Ardından kimlik kartımla Litvanya’ya geri dönebileceğimi söylediler. Bu bana çok mantıksız geldi ve seyahat ettiğim otobüs şirketine sorması için Litvanya’daki arkadaşımla Facebook’tan iletişim kurdum. Otobüs şirketi kimlik kartımla seyahat edemeyeceğimi söyledi. Bir yandan ailem çok korkmuştu ve benim hemen Litvanya’ya geri dönmem için ısrar ediyorlardı. İlk defa başıma kapkaç olayı geliyordu üstelik yurtdışında. Otelden Ankara’daki Büyükelçiliği aradım. Onlar bana Berlin’deki Türk Konsolosluğunun geçici pasaport verebileceklerini söyledi ve onlarla bağlantı kurdular. Böylece geçici pasaport alabildim. Stresli iki günün ardından geri kalan üç günümü gezip muhteşem yerler görerek geçirdim tabi fotoğraf çekemeden 🙁 Berlin maceram böylece bitmiş oldu.

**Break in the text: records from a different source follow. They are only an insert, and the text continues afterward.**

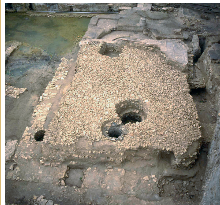
239 Une des grandes salles de l'établissement thermal oriental.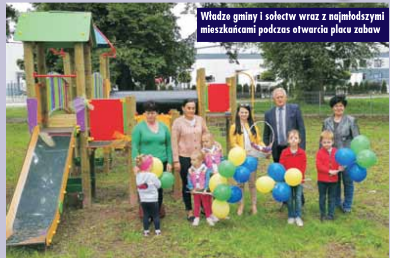
Władze gminy i sołectw wraz z najmłodszymi mieszkańcami podczas otwarcia placu zabaw

Uroczystego otwarcia placu zabaw dokonali sołtysi Chojęcina-Parceli, Chojęcina oraz Działoszy. Ze względu na panującą w kraju sytuację epidemiczną, uroczystość przebiegała w ograniczonej formie. - Pomimo wyjątkowej sytuacji, po raz kolejny pokazaliśmy, że złożone obietnice w pełni realizujemy.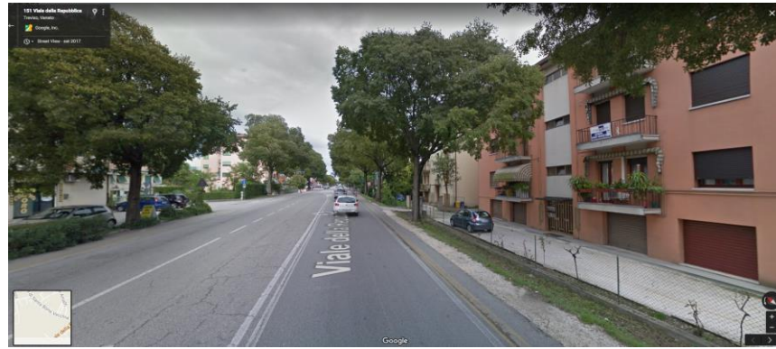
Pista ciclabile vicino alla strada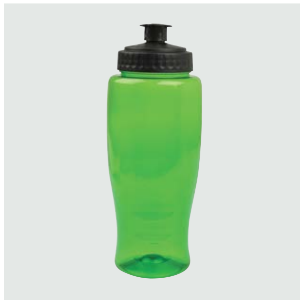
TH 102 Cilindro Cica Traslúcido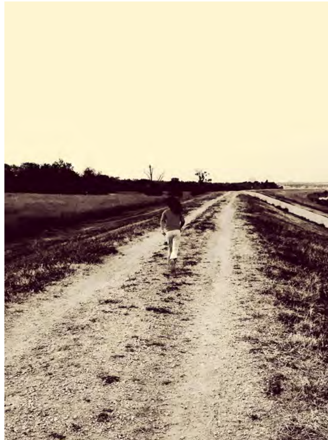
Estradas de chão batido marcaram o período.

Com o tempo e com a persistência dos que não desistiram, tudo foi melhorando. No caso dessa história, vai ficar claro ao leitor que o trabalho duro só deu certo porque, além de ter sido feito com vontade, foi feito em conjunto.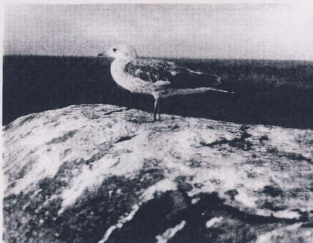
Ung stormmåge tager et hvil på saltholms største sten.

Saltholm er for de fleste mennesker øen, der er lidt svær at komme til, men som rummer mange dejlige naturoplevelser.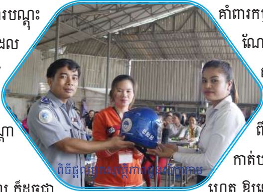
ពិធីផ្តល់សុវត្ថិភាពដល់ប្រាកប

គាំពារកម្មករនិយោជិត ដើម្បីធ្វើការផ្សព្វផ្សាយអប់រំ ណែនាំដល់អ្នកបើកបរនៅតាមបណ្តារោងចក្រ សហគ្រាស គ្រឹះស្ថាន និងអ្នកបើកបរដឹក កម្មករនិយោជិតទាំងអស់ ឱ្យបានយល់ដឹង ពីច្បាប់ចរាចរណ៍ផ្លូវគោក ដើម្បីរួមចំណែក កាត់បន្ថយគ្រោះថ្នាក់ដែលកើតមានឡើងដោយថា ហេតុ ឱ្យនៅកម្រិតមួយទាប ជាអប្បបរមា ដែលអាច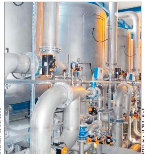
Modernizacja stacji uzdatniania wody „Leśna” w Zabrzu, ul. Leśna 135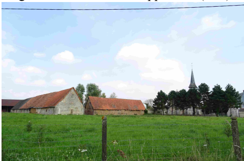
Une ferme du village

Avrupa Gönüllü Hizmeti’m boyunca işyerinde sorun yaşadığım çocuklar oldu danışmanım ve çalışanlar ve tabi arkadaşlarım bu sorunları çözmeme yardımcı oldular. Çünkü çalıştığım çocukların hepsi fakir ve sorunlu ailelerin çocuklarıydı ve dolayısıyla her zaman iyi huylarında olmuyorlardı. Ama oradaki çocukların bazılarının nasıl iyi bir şekilde değiştiğini gördükçe yaptığım işle bir kez daha gurur duydum. Özellikle son zamanlarda gençlik merkezine katılan hırçın yaptığım her oyunu bozan başlangıçta beni sevmeyen ama daha sonra iyi anlaştığım beraber oyunlar oynadığım çocuğun işyerinde son günümde nasıl ağladığını gördüğümde çok duygulandım ve iş yerinde veda partisinde nerdeyse çalışanlar dahil olmak üzere bütün çocukların gözleri yaşla doldu ve ben bu yeni aileme veda etmek zorunda olduğum için hıçkıra hıçkıra ağladım. Kaygılı başladığım bu serüven edindiğim güzel tecrübeler ile ve tanışmış olduğum güzel insanların özlemi ile ülkeme geri döndüm.